**Problem requirements**
After dropping the pictures, give again exactly the lines of the data from its first line through the line with "Slate Blue Acid Wash Fleece Lined Zip Up...", which is included as well.

**Collected data**
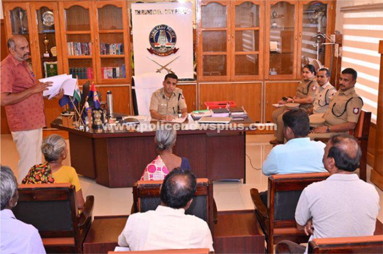 திருநெல்வேலி: தமிழக காவல்துறை தலைமை இயக்குனர் உத்தரவுப்படி பொதுமக்கள் குறைதீர்க்கும் கூட்டம் (29.01.2025) அன்று திருநெல்வேலி மாநகர காவல் ஆணையர் அலுவலகத்தில் நடைபெற்றது. இம்முகாமில் 11 பேர் கலந்து கொண்டு காவல் ஆணையர் சந்தோஷ் ஹாதிமணி இ.கா.ப.,விடம் புகார் மனுக்களை அளித்தார்கள். புகார் மனுக்கள் மீது சரியான நடவடிக்கை மேற்கொண்டு உரிய தீர்வு கிடைக்க வழிவகை செய்யப்படும் என காவல் ஆணையர் உறுதி கூறினார். இக்கூட்டத்தில் காவல் துணை ஆணையர்கள் V.கீதா, (மேற்கு) V.வினோத் சாந்தாராம், (கிழக்கு) S.விஜயகுமார், (தலைமையிடம்) ஆகியோர் கலந்து கொண்டனர்.
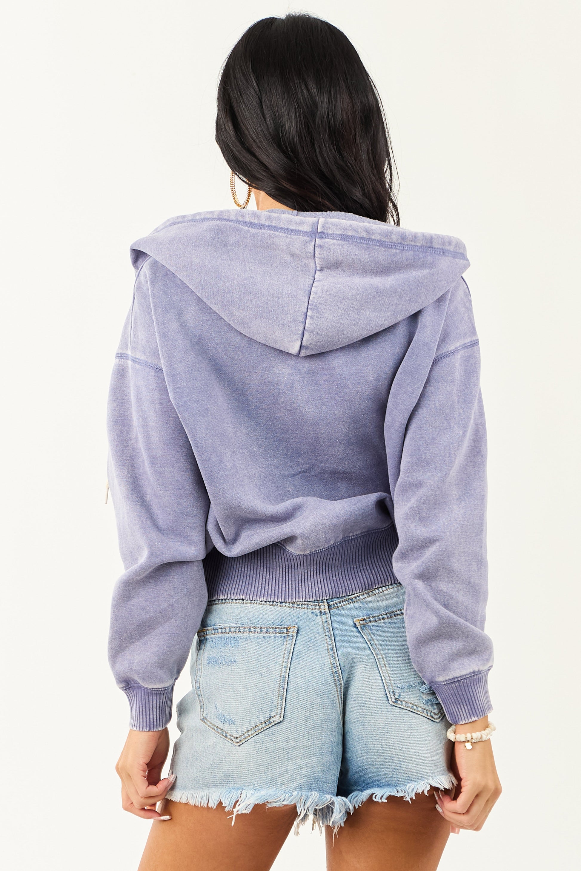 Slate Blue Acid Wash Fleece Lined Zip Up...
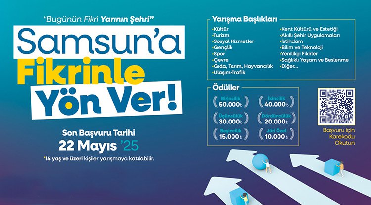 ‘Bugünün Fikri Yarının Şehri’ mottosu ile düzenlenen “Samsun’a Fikrinle Yön Ver” yarışması için kültür, turizm, gençlik, spor, sosyal hizmetler, çevre, ulaşım, trafik, akıllı şehir uygulamaları, istihdam, gıda-tarım-hayvancılık, bilim, sağlık, kent kültürü, kent estetiği gibi ana başlıklar belirlendi. Son başvuru tarihi 22 Mayıs olan yarışmada birinci olana 50 bin TL, ikinciye 40 bin TL, üçüncüye 30 bin TL, dördüncüye 20 bin TL, beşinciye 15 bin TL ödül verilecek. Yarışmanın jüri özel ödülü ise 10 bin TL olarak belirlendi. 14 yaş ve üzeri kişilerin katılımına açık olan yarışmada, başvurular bireysel olarak yapılacak. Bir katılımcı en fazla 3 farklı proje başvurusunda bulunabilecek. Yarışma için başvurular Samsun Büyükşehir Belediyesi’nin resmi internet sitesinden samsunafikrinleyonver.samsun.bel.tr linki üzerinden yapılabilecek.
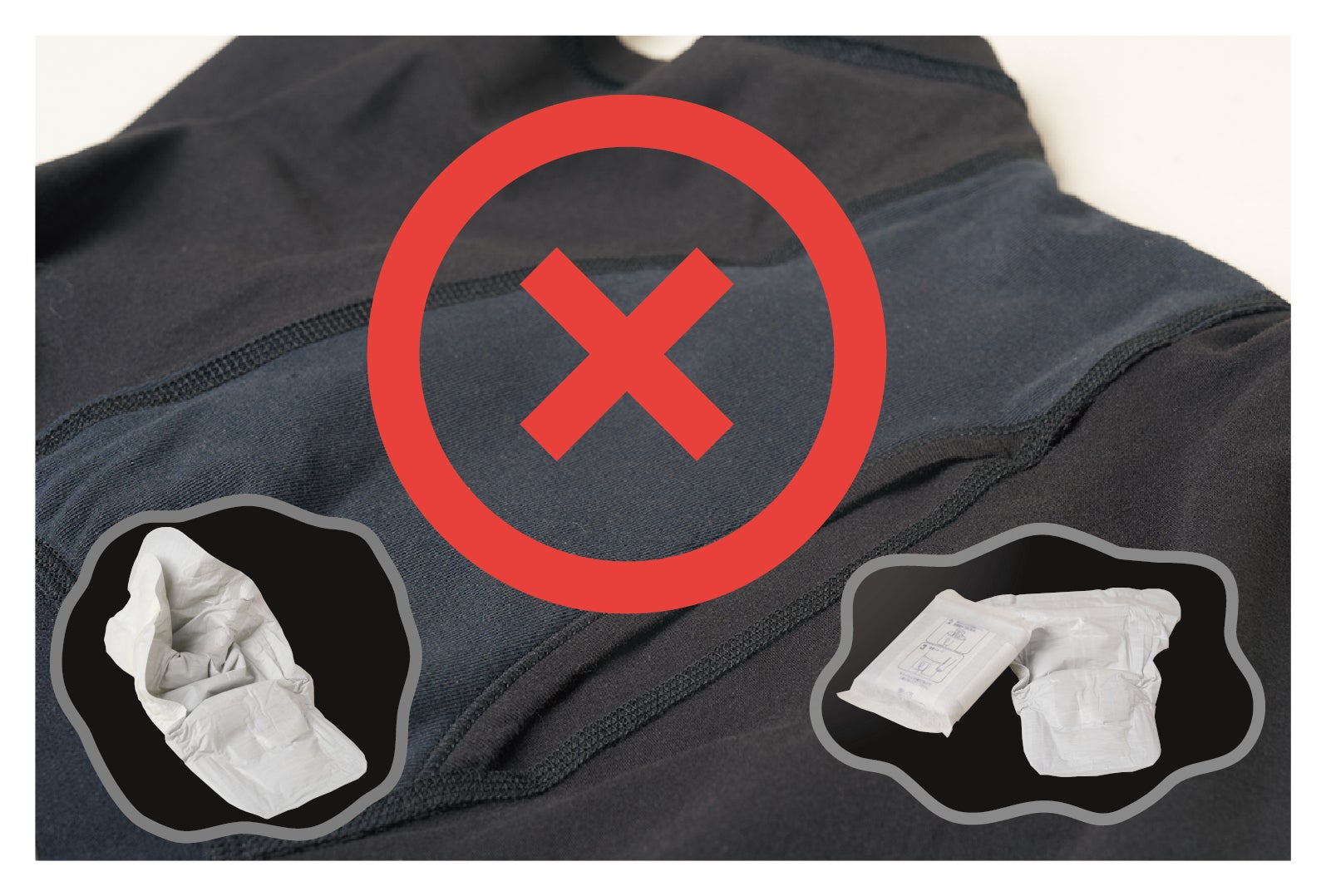 ※陰嚢を[ちょい漏れパッド】で上側へ持ち上げないようにしてください。

**Your solution**
 திருநெல்வேலி: தமிழக காவல்துறை தலைமை இயக்குனர் உத்தரவுப்படி பொதுமக்கள் குறைதீர்க்கும் கூட்டம் (29.01.2025) அன்று திருநெல்வேலி மாநகர காவல் ஆணையர் அலுவலகத்தில் நடைபெற்றது. இம்முகாமில் 11 பேர் கலந்து கொண்டு காவல் ஆணையர் சந்தோஷ் ஹாதிமணி இ.கா.ப.,விடம் புகார் மனுக்களை அளித்தார்கள். புகார் மனுக்கள் மீது சரியான நடவடிக்கை மேற்கொண்டு உரிய தீர்வு கிடைக்க வழிவகை செய்யப்படும் என காவல் ஆணையர் உறுதி கூறினார். இக்கூட்டத்தில் காவல் துணை ஆணையர்கள் V.கீதா, (மேற்கு) V.வினோத் சாந்தாராம், (கிழக்கு) S.விஜயகுமார், (தலைமையிடம்) ஆகியோர் கலந்து கொண்டனர்.
 Slate Blue Acid Wash Fleece Lined Zip Up...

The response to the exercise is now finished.